Reads usage on configured mounts (or the drive Guardian runs on when no
paths are set) with warning/critical percent thresholds. Disk-full is the
most common silent homelab failure; this is the check that catches it early.

### systemd collector

Sweeps the system (and optionally user) service manager for failed units and
units stuck in a restart loop — the `activating/auto-restart` state that
never reaches "failed" and hides exactly the breakage that matters. Specific
units can be watched individually with state and restart-count evidence.

## Flap damping

One wifi blip should not page you. With `notifications.telegram.confirm_scans: 2`,
a status change must hold for two consecutive scans before Guardian announces
it — in both directions, so recoveries are confirmed too. A check that flaps
up and down never triggers a message. The report and web view always show the
live state; damping only gates notifications.

## Acknowledging known issues

Chronic problems train you to ignore alerts. Acknowledge a check to mute it
without losing sight of it:

```bash
guardian ack ha_unavailable_entities --note "MQTT bridge down, part ordered" --days 14
guardian ack          # list current acknowledgments
guardian unack ha_unavailable_entities
```

An acknowledged check keeps its real status but is excluded from the overall
status, change detection, and notifications. It appears in a collapsed
"Acknowledged" section of the report and web view, with your note, so it
stays visible without drowning the signal.
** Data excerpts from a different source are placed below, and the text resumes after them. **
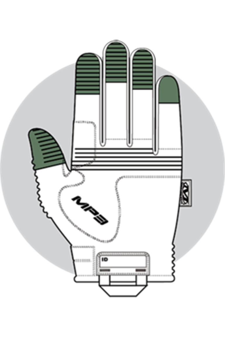 της παλάμης δύο περιοχών ενισχύει τις περιοχές υψηλής φθοράς και μειώνει το "μάζεμα" του υφάσματος κατά την χρήση των όπλων ή των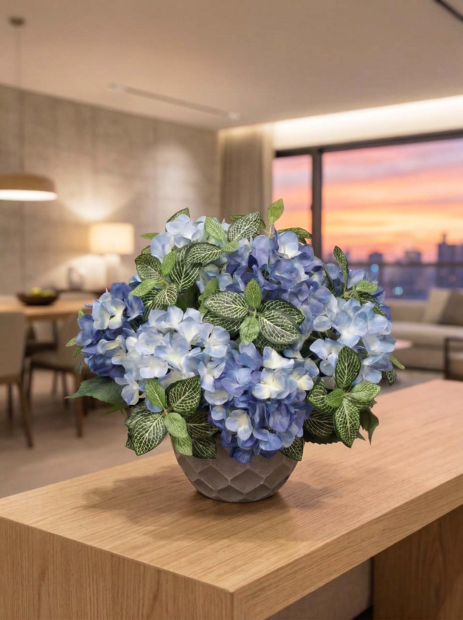 Погрузитесь в прохладу летних сумерек с нашей эффектной композицией из синих и голубых гортензий. Глубокие, насыщенные оттенки в сочетании с небесно-голубыми акцентами создают по-настоящему благородный и освежающий образ.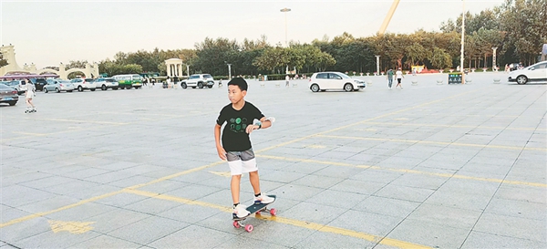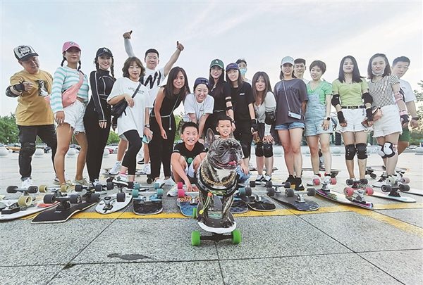 7月21日18時(shí)許,太陽(yáng)島地鐵站出口附近的小廣場(chǎng),一群人抱著陸沖板陸續(xù)趕到,其中“80后”“90后”居多,還有帶孩子來(lái)的“寶媽”。不少人來(lái)的時(shí)候穿著上班的職業(yè)裝,換上圓領(lǐng)T恤,戴上鴨舌帽,配齊護(hù)具,簡(jiǎn)單熱身后,迫不及待地開(kāi)滑。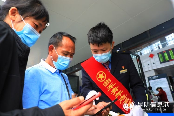 为方便旅客“最后一公里”出行,避免旅客因换乘不及时导致漏乘,昆明局集团组织开展好各车站的站内换乘引导。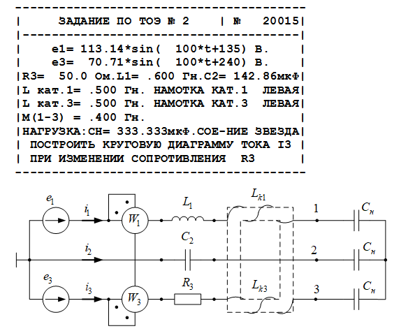 1. Разметить одноименные зажимы индуктивно связанных катушек.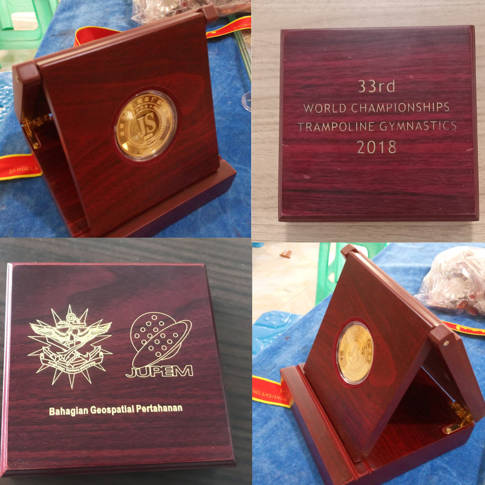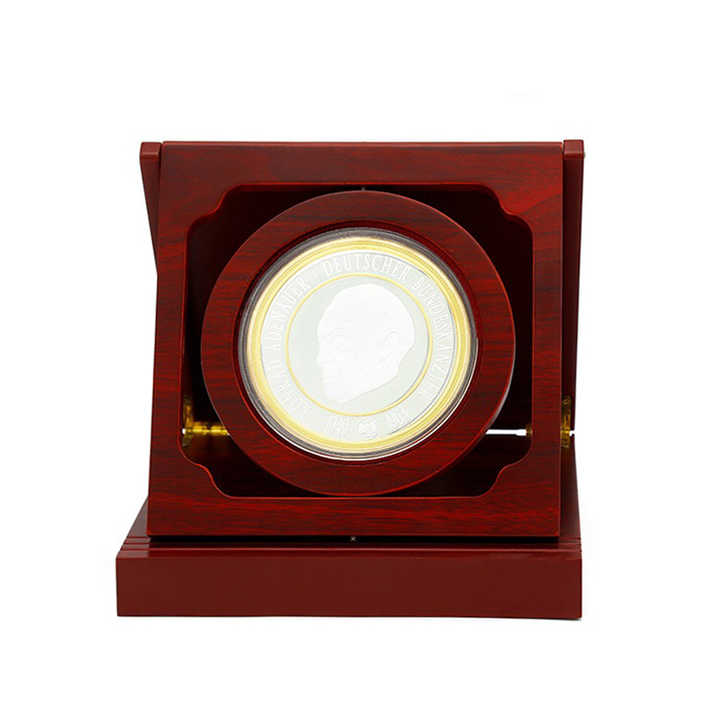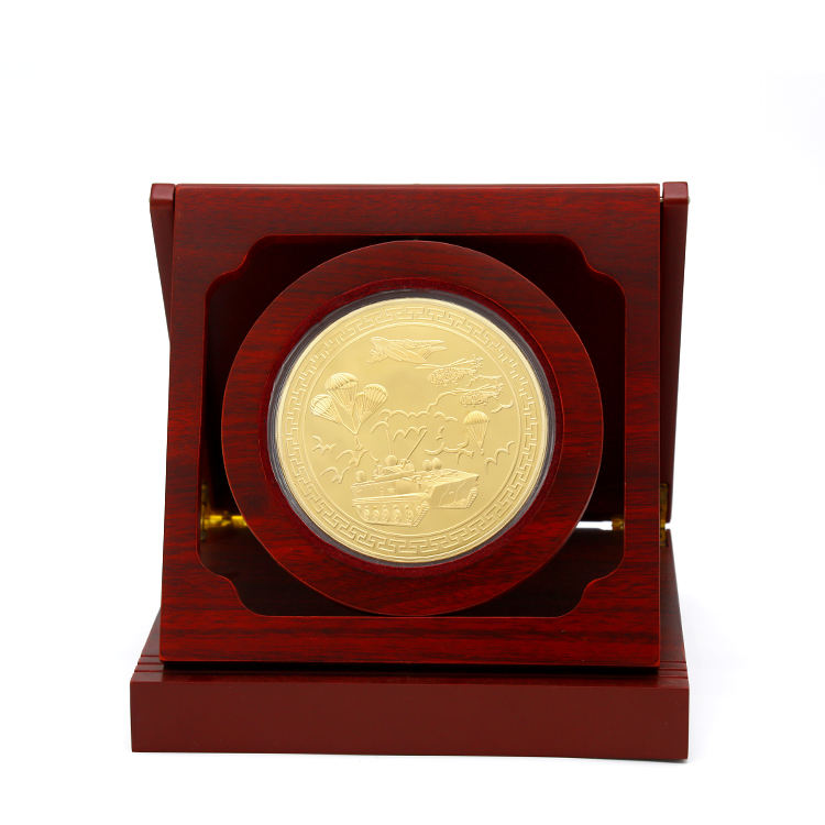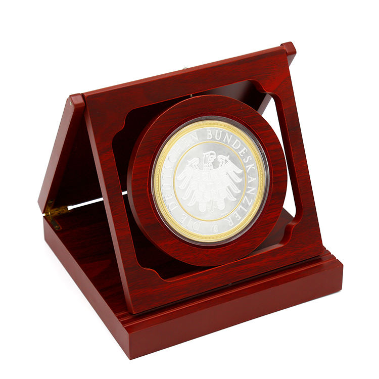 Usine de haute qualité personnalisé métal deux tons couleur défi pièces présentoir porte-monnaie en bois boîte à monnaie en bois pour cadeau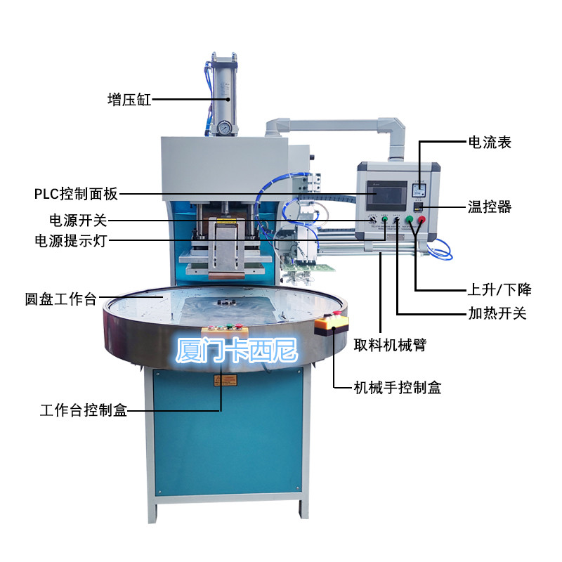 应用范围: 适用于塑料、塑胶如PET,PETG,GAG,PVC等双面吸塑包装,吸塑+卡纸包装柔软线胶盒制作,牙刷包装,公仔、皮革表带等需熔接而且又要裁断的产品;具有同时熔接及裁断功能的高周波熔断机也可以用在EVA布类皮革、真皮、TPU、PU、热水袋、表带、吊带保暖袋等需要熔接又要同步熔断的产品。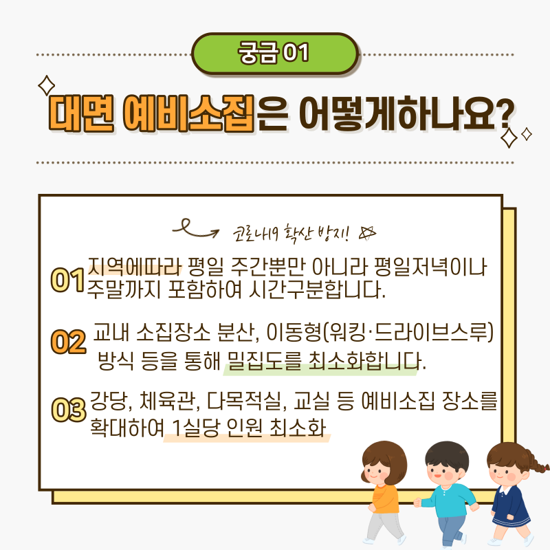 - 교육부는 예비소집 기간 중 교육청·단위학교·지자체·경찰청 등과 적극 협력하여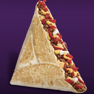 The Grilled Stuft Nacho starts with a flour tortilla and is filled with seasoned beef, warm nacho cheese, zesty cheesy-jalapeno sauce, red tortilla strips, and sour cream. The tortilla is folded in the shape of a triangle to fit the shape of a large tortilla chip.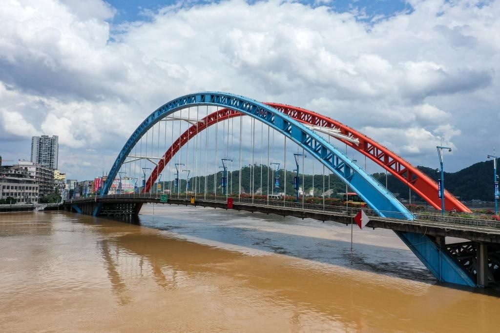 6月21日,位于潯江、桂江、西江“三江”交匯處的鴛江大橋。新華社記者曹祎銘 攝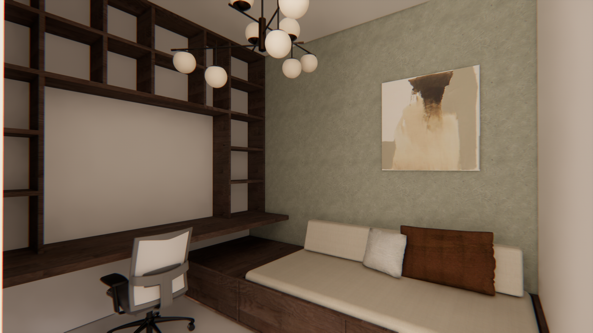 make this home office more cozy add books and decorative elements on the shelves add a computer screen keep the sofa bed as is but enhance it with fluffier cushions and no armrests adjust the green wall to a sage flat color make the image more realistic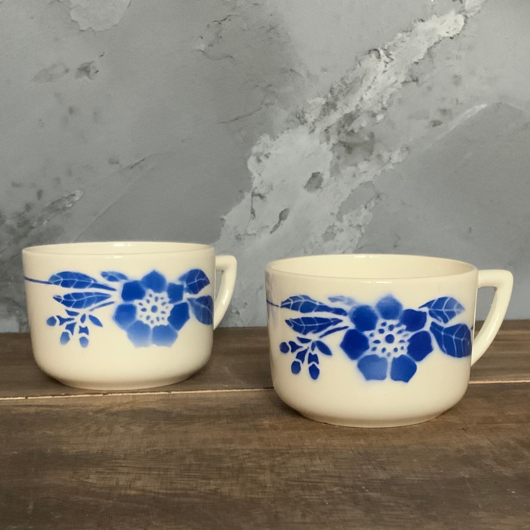 Digoin Sarregueminesの可愛らしい白とブルーの小さなカップ2つセットです。

Acknowledgments can expire
automatically (`--days`, `--until`); check ids are shown in reports and in
the web view's evidence blocks.

## Report layout

The Markdown report includes:

- overall status
- summary counts
- what changed since the previous scan (regressions, improvements, new and removed checks)
- critical issues first
- warnings second
- unknowns third
- OK checks last, collapsed to names when there are many
- recommended actions and JSON evidence for each non-collapsed check

## Safety notes

Homelab Guardian's safety boundary has four parts:

- **Collectors are read-only.** Detection never modifies services, containers,
  DNS, Home Assistant entities, backup contents, systemd units, certificates,
  disks, or remote hosts.
- **Local runtime state is writable.** Guardian writes reports, SQLite scan
  snapshots, acknowledgments, alert state, and optional retention pruning under
  the configured report/database paths.
- **Outbound integrations are opt-in.** Telegram notifications and AI briefings
  send structured status data only when explicitly enabled.
- **Repair is opt-in and human-gated.** With `repair.enabled` (off by default),
  Guardian may *propose* a whitelisted, parameterized fix and execute it **only
  after a human approves the specific proposal** — never raw shell, never an
  AI-generated command, always followed by a verify and an audit record.
  Destructive actions can never auto-approve. See *Approval-gated repair* and
  [docs/repair.md](docs/repair.md).

Recommended actions in reports are diagnostic next steps for the operator;
nothing executes automatically without the approval flow above.